Lexy provides Codecs for the following types which either have no natural ordering, or whose natural ordering cannot be preserved while being encoded at full precision.

  • maps
  • complex64, complex128
  • *math.big.Rat

Lexy provides these additional Codecs.

  • A Codec for types with no value except the zero value, useful for the value types of maps used as sets.
  • A Codec which reverses the lexicographical ordering of another Codec.
  • A Codec which terminates and escapes the encodings of another Codec.

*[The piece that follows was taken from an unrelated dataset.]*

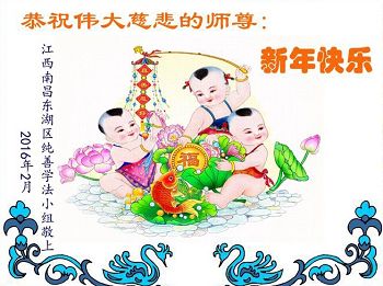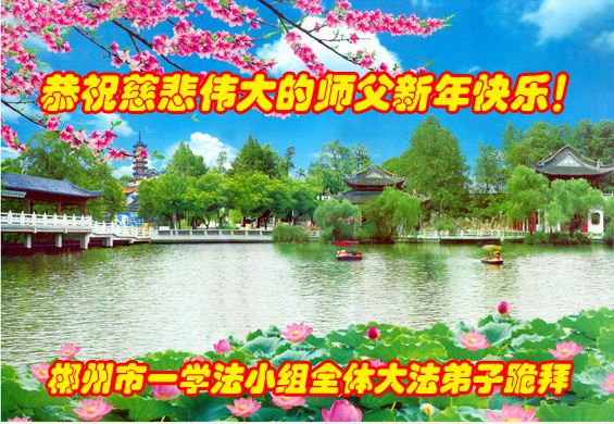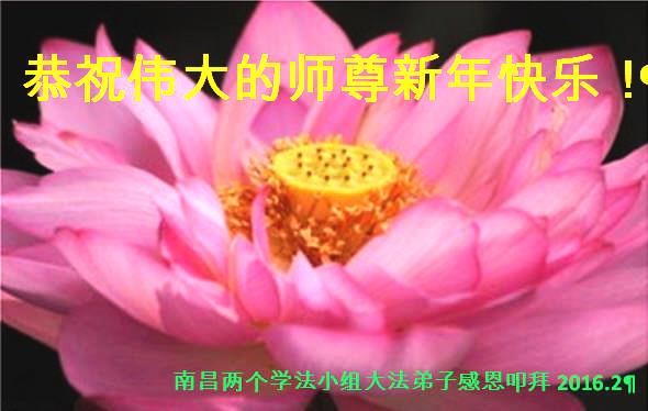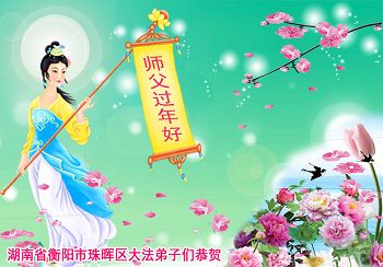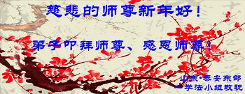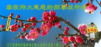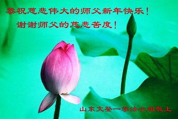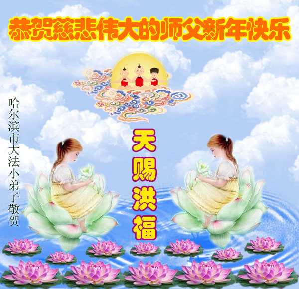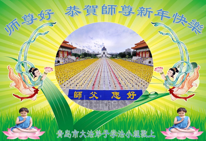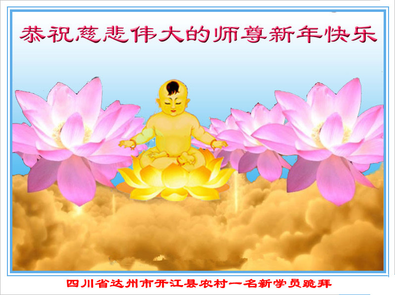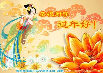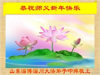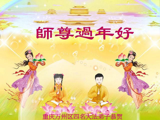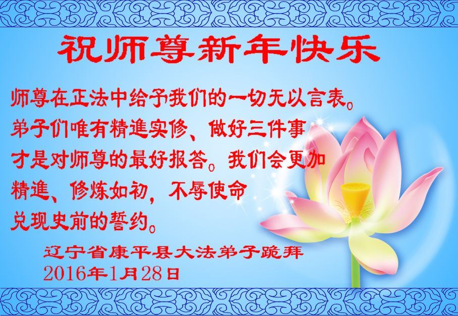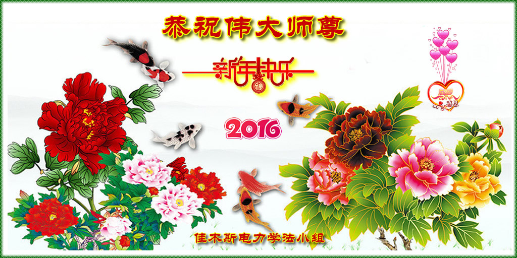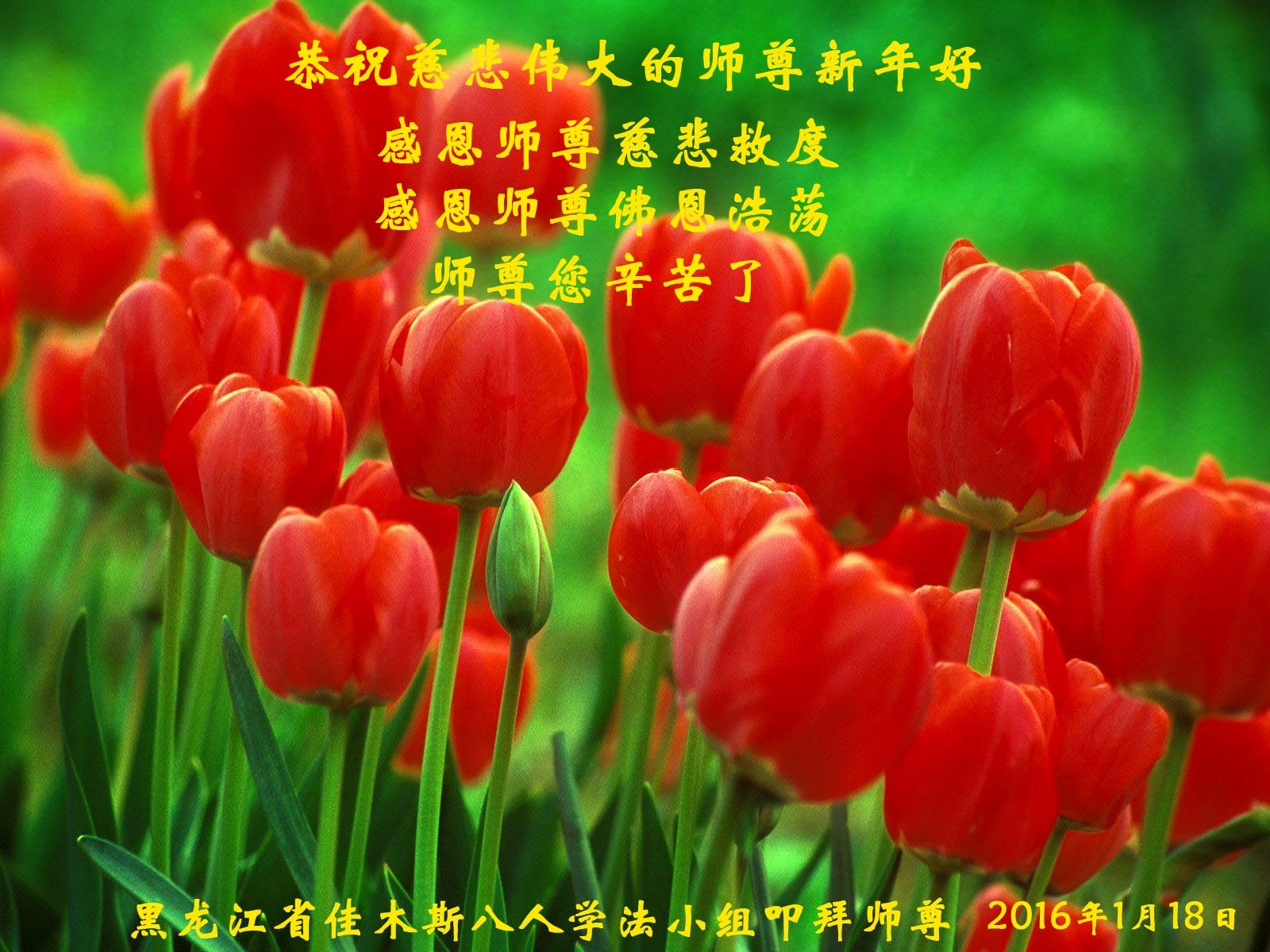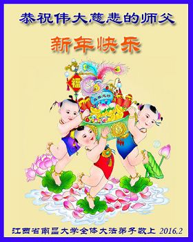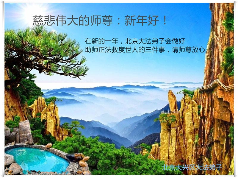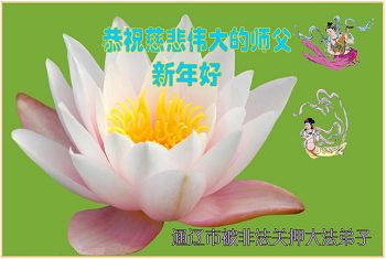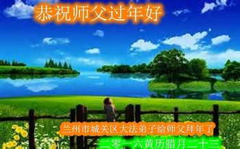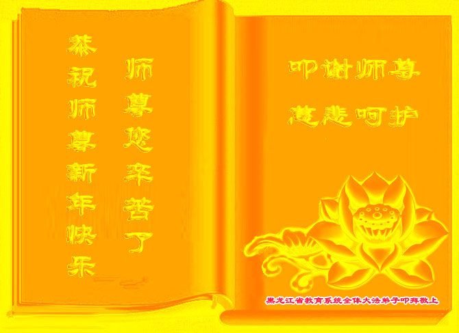 至尊无上的李大师新年好!穷尽人类的语言难以表达我们心中对李大师的无限感恩!法轮大法修炼者谨遵师命,按照真善忍的原则,遇事首先为他人着想的高贵品质,象一股清流涤荡着人类社会的一切邪恶!我们在此真心奉劝那些还被中共邪党蒙骗的世人,珍惜每一次法轮功弟子给你们的机会,明白法轮功真相,相信“法轮大法好”、“真、善、忍好”,给自己选择一个美好的未来!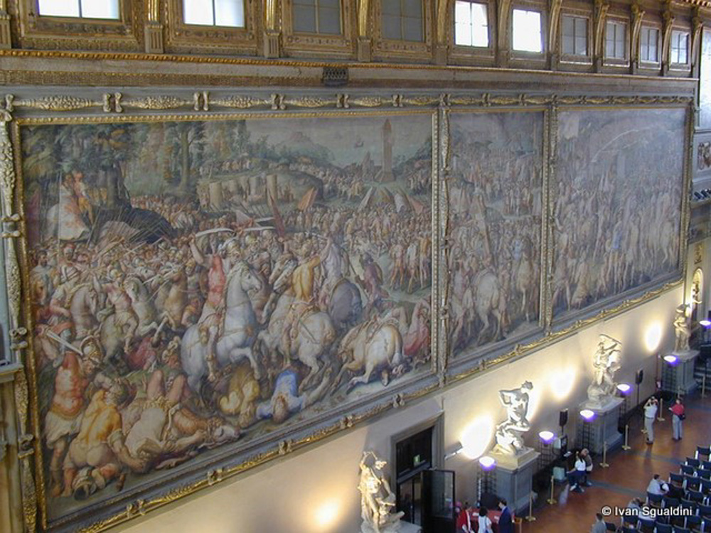 如果事實證明塞拉西尼是對的,這次發現將轟動全球:《安吉亞里戰役》創作於一五○三年,描繪了一個波瀾壯闊的戰爭場景,而且它的面積是達文西名作《最後的晚餐》的三倍,是達文西所有作品當中面積最大的一幅,以紀念統治佛羅倫薩市的梅迪奇家族被推翻後,佛羅倫薩成了共和國。不過,達文西未有畫完這幅畫。當梅迪奇家族一五六○年代重新掌權時,相信瓦薩里受了委託,在達文西創作原畫的位置另繪新作。

Lexy does not does not provide Codecs for the following types, but user-defined Codecs are easy to create. See the Go docs for examples.

  • structs
    The inherent limitations of generic types in Go make it impossible to do this in a general way without having a separate parallel set of non-generic codecs. This is not a bad thing, resolving types at compile time is one of the reasons Go is so efficient. Creating a strongly-typed user-defined Codec is a much simpler and safer alternative, and also prevents silently changing an encoding when the data type it encodes is changed.
  • arrays
    While it is possible to create a general Codec for array types, the generics are very messy and it requires using reflection extensively. As is the case for structs, creating a strongly-typed user-defined Codec is a better option.
  • uintptr
    This type has an implementation-specific size, and encoding a pointer without encoding what it points to doesn't make much sense.
  • functions, interfaces, channels

Documentation

Overview

Package lexy defines an API for lexicographically ordered binary encodings. Implementations are provided for most builtin Go data types, and supporting functionality is provided to allow for the creation of user-defined encodings.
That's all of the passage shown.